At just 20 years old, she was thrust into the notoriously cutthroat music industry and was stunned by how poorly celebrities and music executives treated her. On her hit talk show, “The Kelly Clarkson Show,” she recalled being treated terribly by fellow celebrities, including at awards shows.

“People were really mean to us because we’re from a talent show and it was the first season,” she said on the show in 2021. “Like, everyone was so rude to us, like, on the carpet. …It was so bad. It was a horrible experience.”

Another huge hurdle was the pressure that stylists, promoters, and music execs kept putting on her to be, do and say things she wasn’t comfortable with, including dressing provocatively.

“I remember this one tool I worked with,” she told Variety. “This dude came over my house and put down some magazines and was like, ‘So this is what you’re competing with.’ There were naked people on the cover! I have no problem with nudity. I’m, like, a total nudist. But that’s just not my vibe, artistry-wise. A little mystery goes a long way for me. But I literally looked at this older white man and was like, ‘Uh, no. That’s not what I’m competing with. It might be what you feel like I am competing with, but that’s not me.’”

Clarkson said she didn’t want to be over-sexualized like many pop stars are; she wanted the music to take center stage. She stood firm in her view that sexualizing every female artist with barely-there outfits and sultry songs made women seem one-dimensional.

“Women love to be sexual. Everybody likes to be flirty. Everybody likes to be sensual,” Clarkson said. “But every woman is not just that one thing; we are multifaceted. And they try to take that one thing and blow it up. I had to fight like hell to make sure that it didn’t push the envelope for me. I think it’s hard if you’re a young girl, a teenager. You’re still growing up.”

In the Variety interview, she recalled another situation in which a famous photographer tried to make her seem edgier and got angry when Clarkson wouldn’t acquiesce.

“I had this one photographer overseas who was like, ‘I just want you to hold this cigarette and act rock ’n’ roll,’ and I started laughing because I thought she was joking,” she said. “She got so mad at me. Apparently, she was like this big photographer. She was like, ‘I want you to crash this beer bottle and hold it up.’ I was like, ‘What? What type of frat party are we at?’ She was so angry. I had so many of those instances that are just uncomfortable. It just bummed me out. But you know what? It’s alright. Because what doesn’t kill you makes you stronger.”


Clarkson Wanted to Be Treated Like a Person, Not a Product

Over time, Clarkson realized industry executives were just looking at her — and every other performer — as a product, not a person.

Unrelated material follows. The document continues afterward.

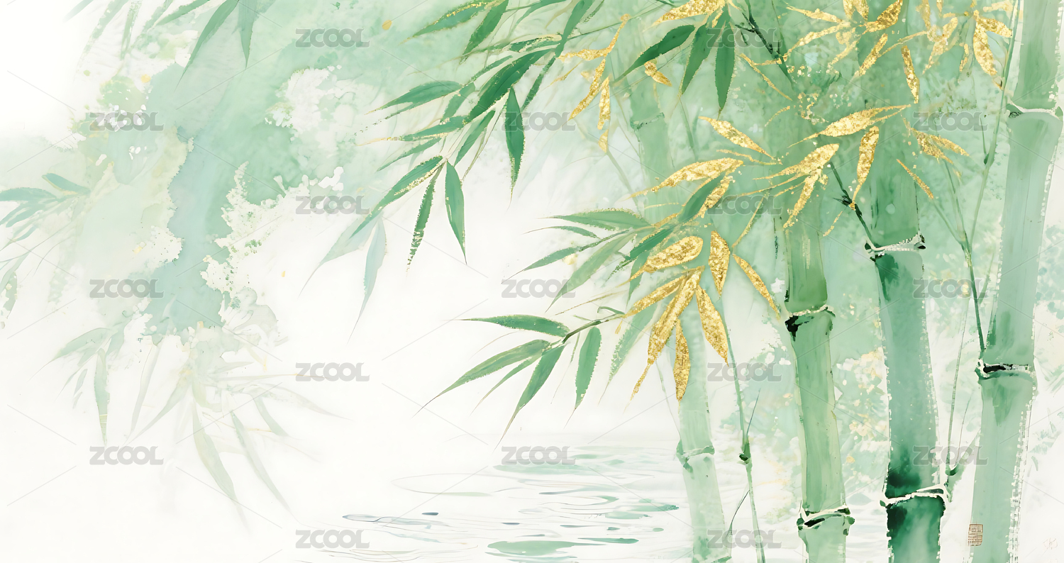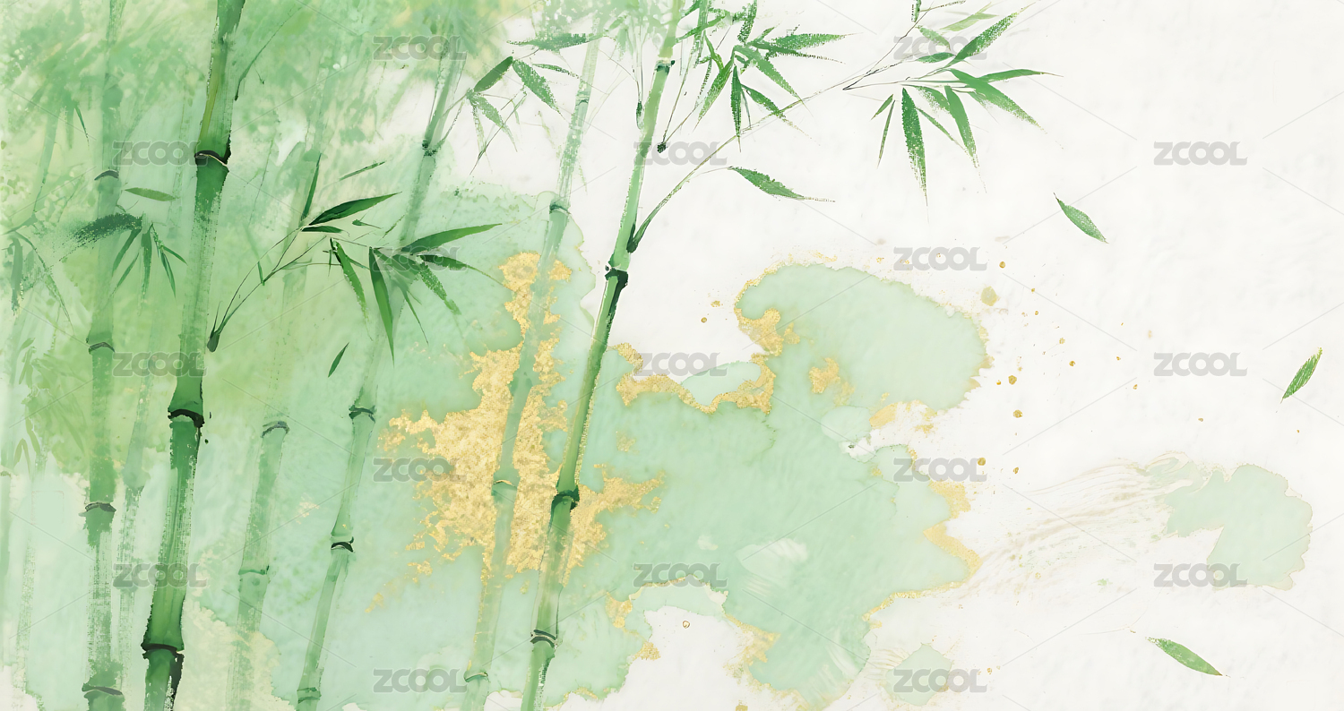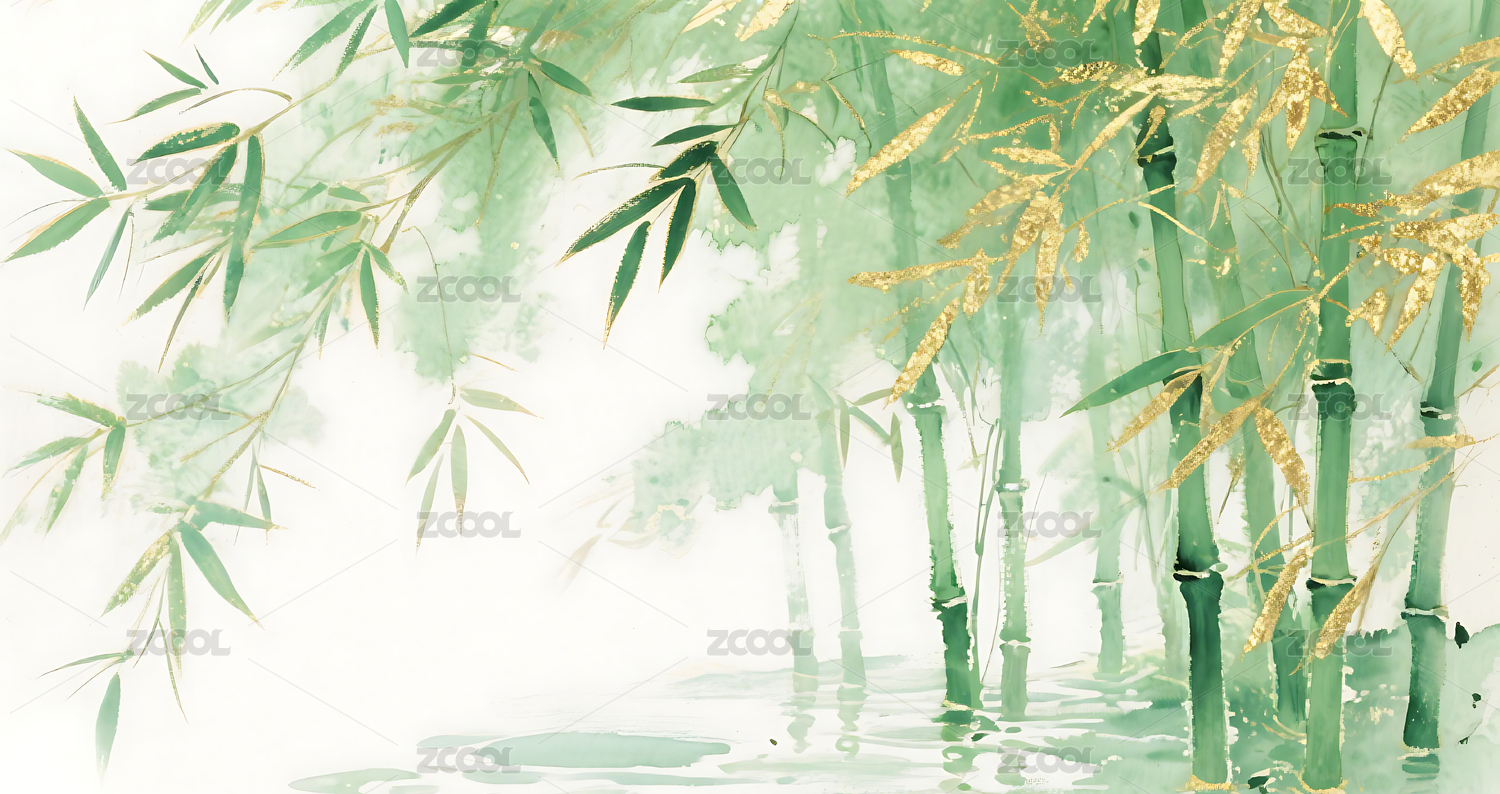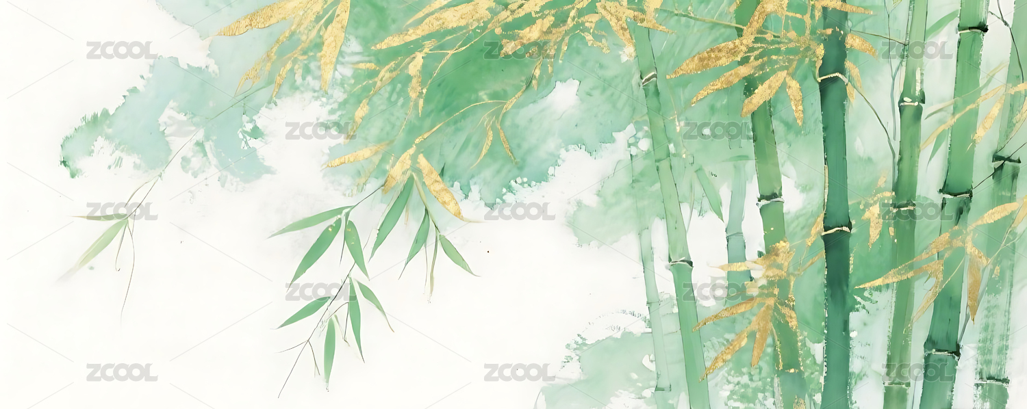 绿色,金色,竹叶,竹林,插画,背景,壁纸,晕染,水墨,中式

“At the end of the day, a lot of people look at you as a product, because they’re in a business — they’ll get fired if they don’t make money. So I don’t blame them,” she told Variety.

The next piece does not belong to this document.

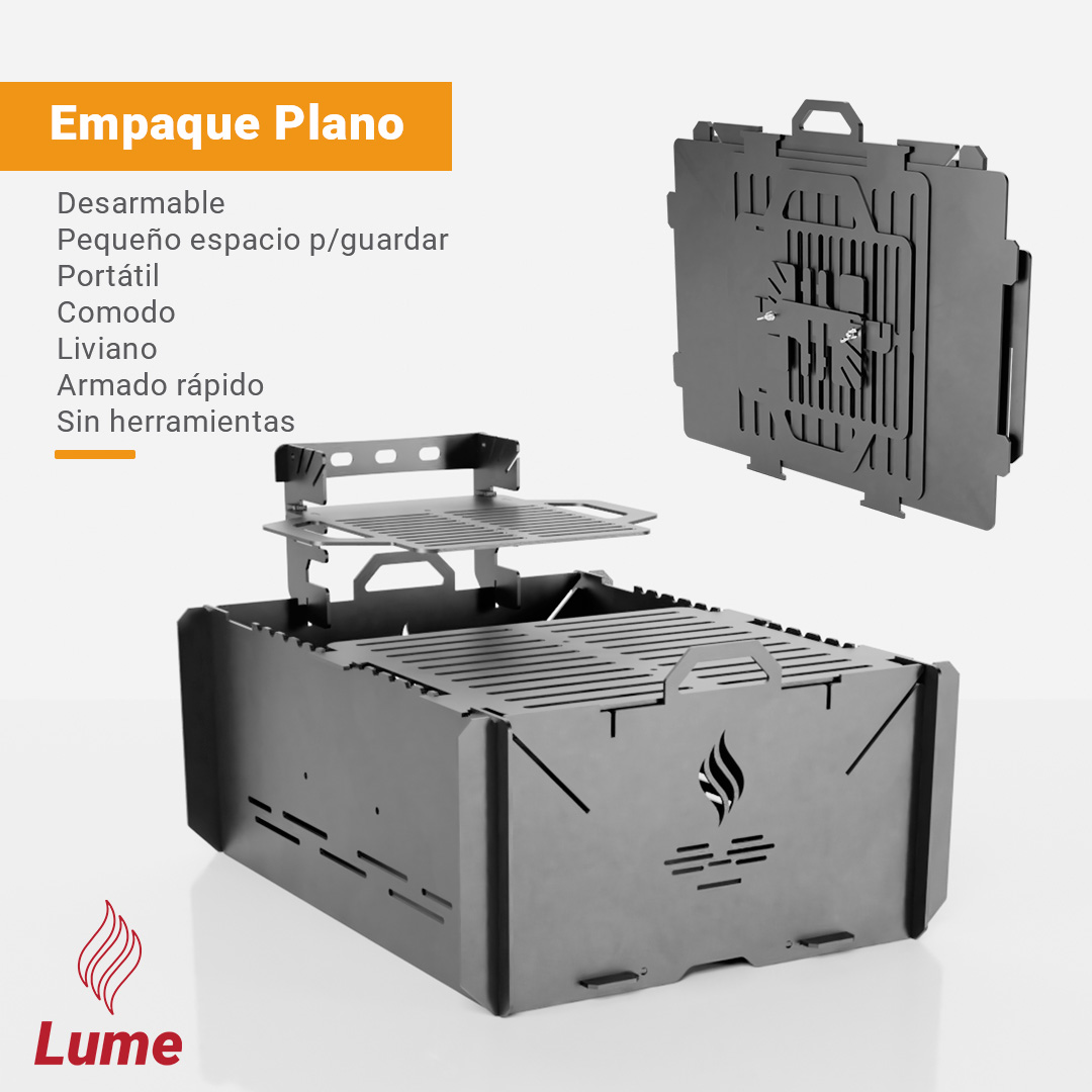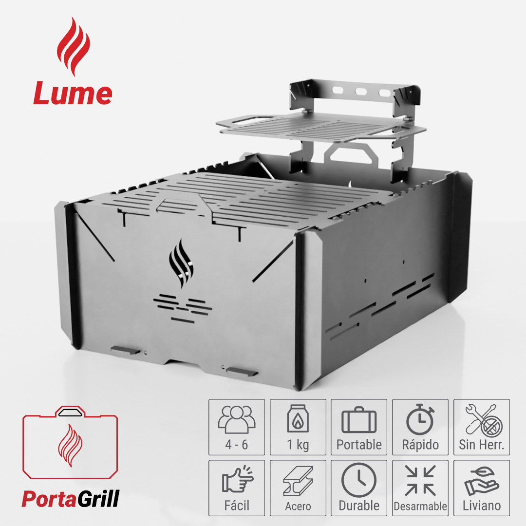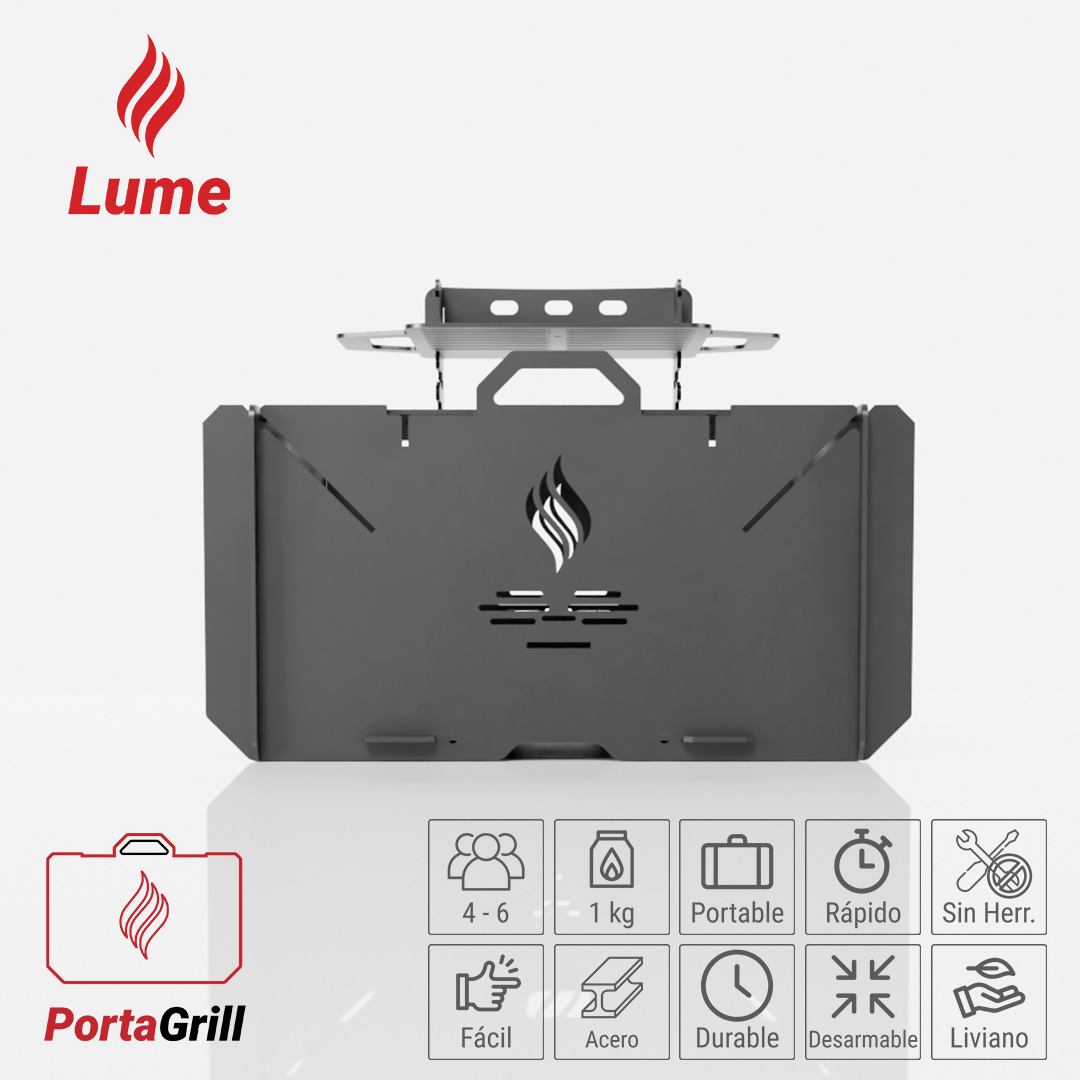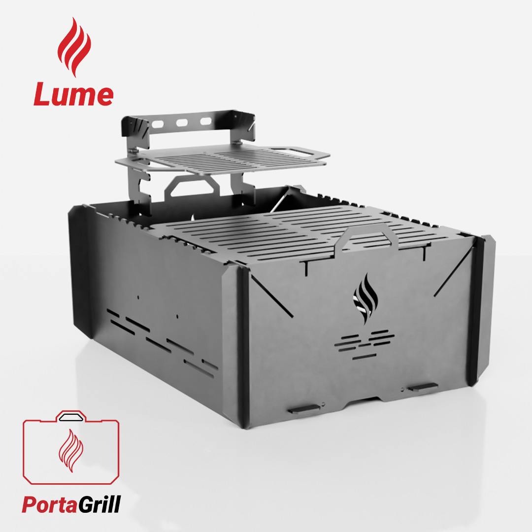 El diseño LUME es la versión transportable de la línea PORTAGRILL de braseros desarmables y embalaje plano. Ideal para exteriores, el patio trasero o el jardín con un diseño estilizado con parrilla para barbacoa adicional.
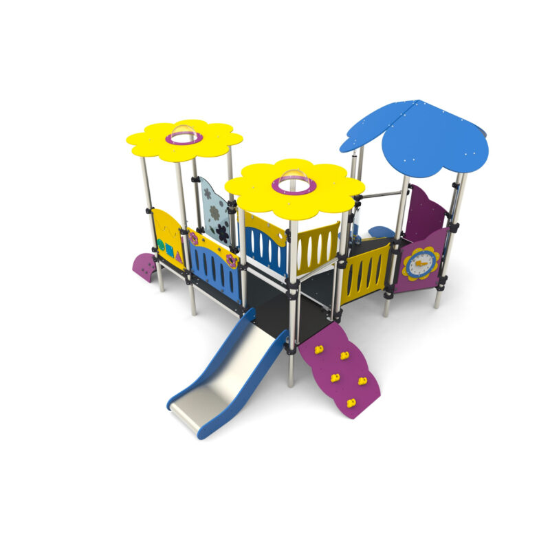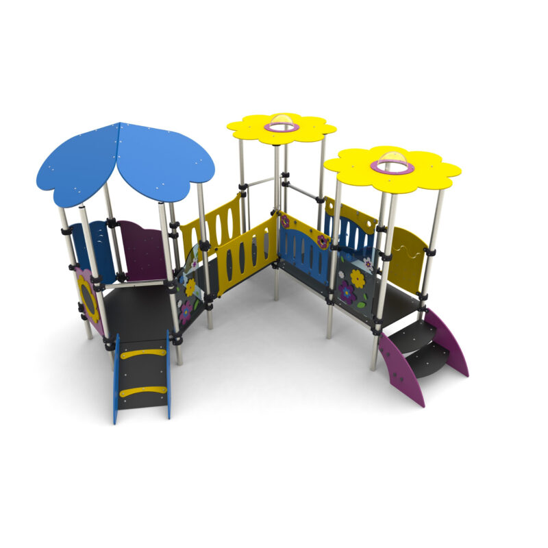 Urządzenie na słupach okrągłych z obejmami aluminiowymi. Podesty pokryte powłoką antypoślizgową wsparte na spawanej ramie stalowej. Dachy płaskie wyposażone w bulaj sferyczny. Barierki z poliwęglanu z transparentnym nadrukiem UV.

“The biggest thing for me is I never thought I’d be fighting so hard to just be myself,” Clarkson said. “People don’t think what you are is going to sell is going to make them money, and I was like, ‘Well, I am just going to be me. If that happens for you, that’s great. If it doesn’t, sorry.’ It’s worked out, the hard work. But it was very hard.”

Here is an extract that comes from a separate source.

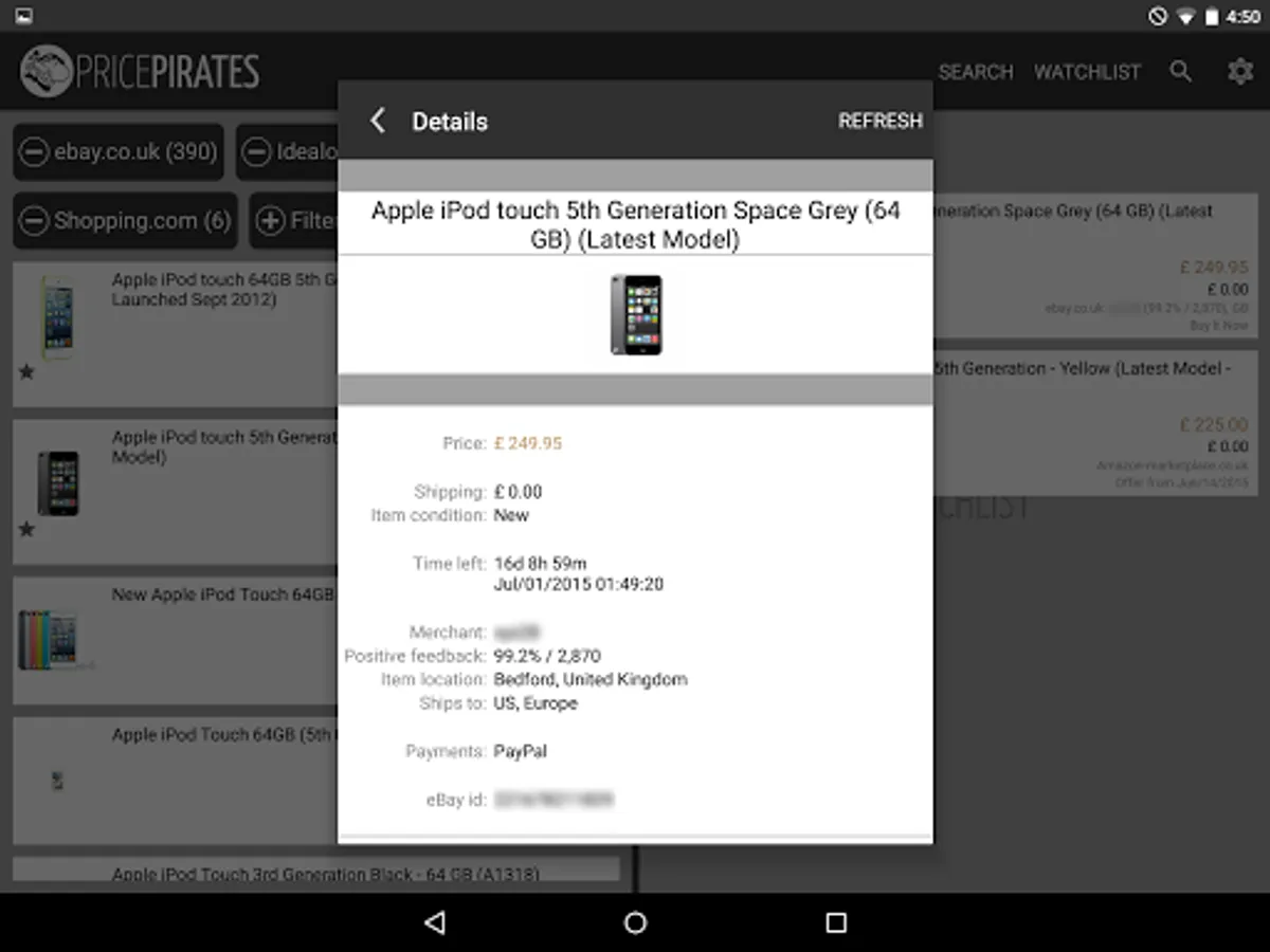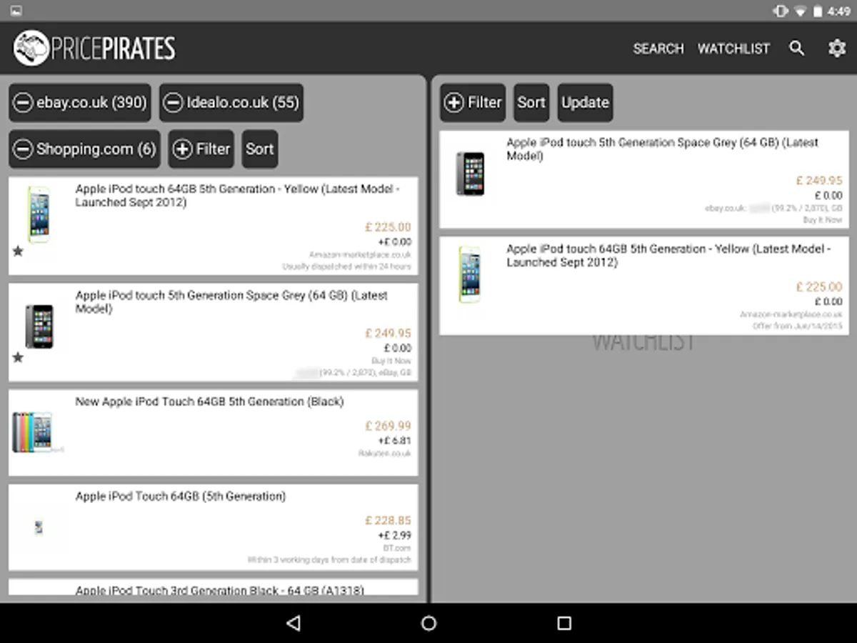 With the Pricepirates price comparison tool you will be able to find out right away while you are on the go whether those so-called special offers truly are great deals. Pricepirates searches through a vast range of prices for items on eBay, Shopping.com and in its own database of products from over 55,000 online shops in Germany, Austria, Switzerland, the UK and the USA.

Over the years, Clarkson has been savvy about diversifying her career, from serving as a judge on “The Voice” to hosting a hit talk show that begins its third season on September 12. She said she’s inspired by “legends” in the business who have also spread their wings in different ways, such as Bette Midler.

“She knew I was going through a hard time, and she gave me such good advice,” she said of Midler. “She has a career I love. She’s done so many different things. I love modeling my career after people like that, who didn’t just stop. They’re not just a one-trick pony.”

Back in 2002, the newly-crowned “Idol” champ subtly told Entertainment Tonight she was not going to give in to industry pressures.

“I have so many goals and I’m just about breaking all the rules,” she said at the time, “so I’ll just do whatever comes my way if it feels natural.”